Given information.
################

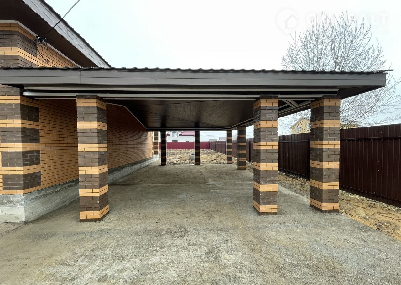 Фундамент монолитная плита, стены пеноблок, отделка кирпич, крытая парковка под несколько автомобилей!
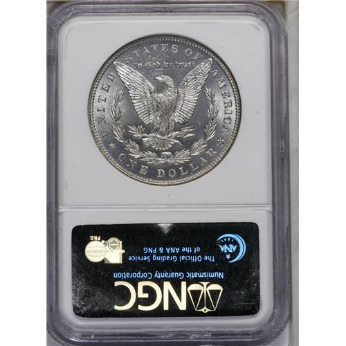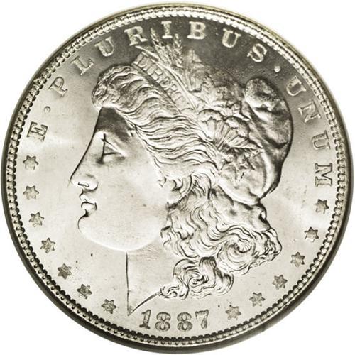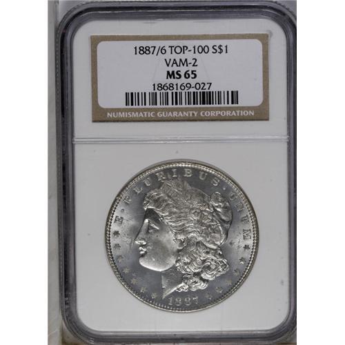 <B>1887/6<img border='0' src='http://www.heritagecoins.com/images/star.gif' width=10 height=10>$1> MS65 NGC.</B></I> VAM-2. A Top 100 Variety. The lower loop of the underdigit 6 protrudes plainly from the bottom of the 7. This bright, untoned silver dollar offers scintillating luster and surfaces that are free of all but a few scattered, undistracting abrasions that are consistent with the Gem grade. Census: 36 in 65, 1 finer (6/06).
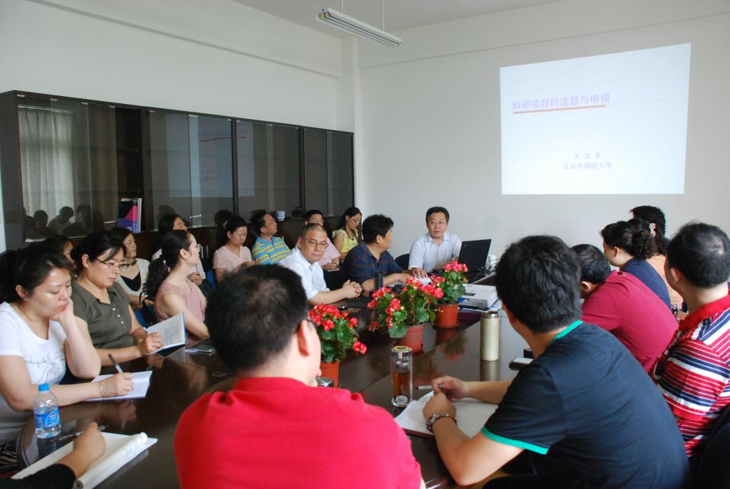 2012年6月14日,北京外国语大学语言所副所长王克非教授应新葡萄8883官网AMG官网邀请在外语楼208会议室作了题为“主要科研项目:申报与评审”的精彩讲座,受到新葡萄8883官网AMG官网师生的热烈欢迎。本次讲座由新葡萄8883官网AMG官网王振华教授主持。新葡萄8883官网AMG官网的部分老师、博士生和研究生聆听了这场精彩的讲座。此次讲座在师生中引起了广泛的关注,讲座现场座无虚席,很多同学和老师甚至站在门口或过道听完整场讲座。
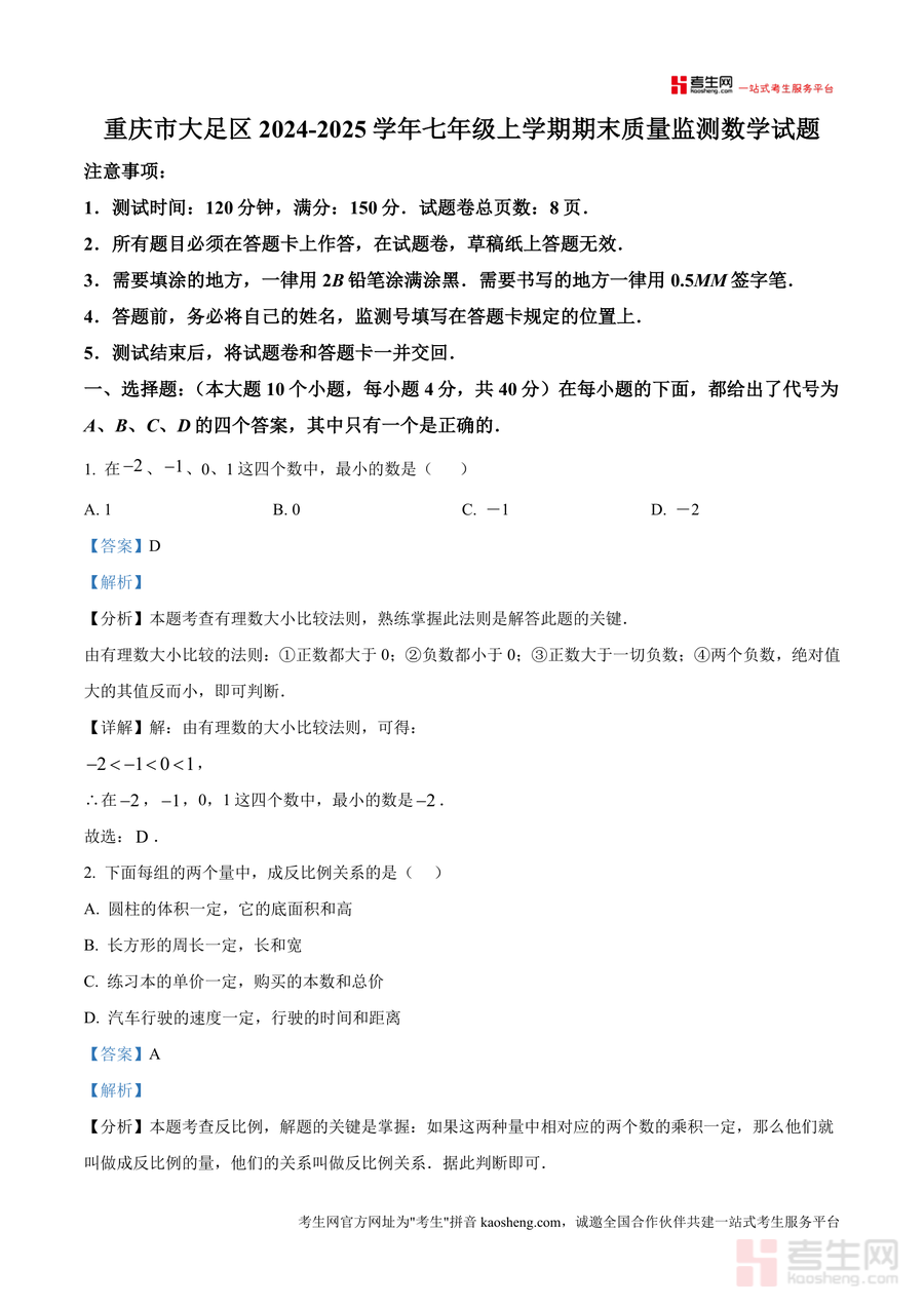 本资料适用于重庆市大足区及使用相同教材体系地区七年级学生数学教师及家长。作为本地期末质量监测的真题解析资料,它具有不可替代针对性,是学生期末备考必备工具;其对知识点深度解析与解题方法归纳不仅助力当前考试,更能帮助学生构建系统数学思维,为后续学习奠定坚实基础具有长期价值。

################

Copy word for word each line of the data above, from the first through the one containing "1 finer (6/06).", and include no pictures.

Answer to this task.
 Фундамент монолитная плита, стены пеноблок, отделка кирпич, крытая парковка под несколько автомобилей!
 <B>1887/6<img border='0' src='http://www.heritagecoins.com/images/star.gif' width=10 height=10>$1> MS65 NGC.</B></I> VAM-2. A Top 100 Variety. The lower loop of the underdigit 6 protrudes plainly from the bottom of the 7. This bright, untoned silver dollar offers scintillating luster and surfaces that are free of all but a few scattered, undistracting abrasions that are consistent with the Gem grade. Census: 36 in 65, 1 finer (6/06).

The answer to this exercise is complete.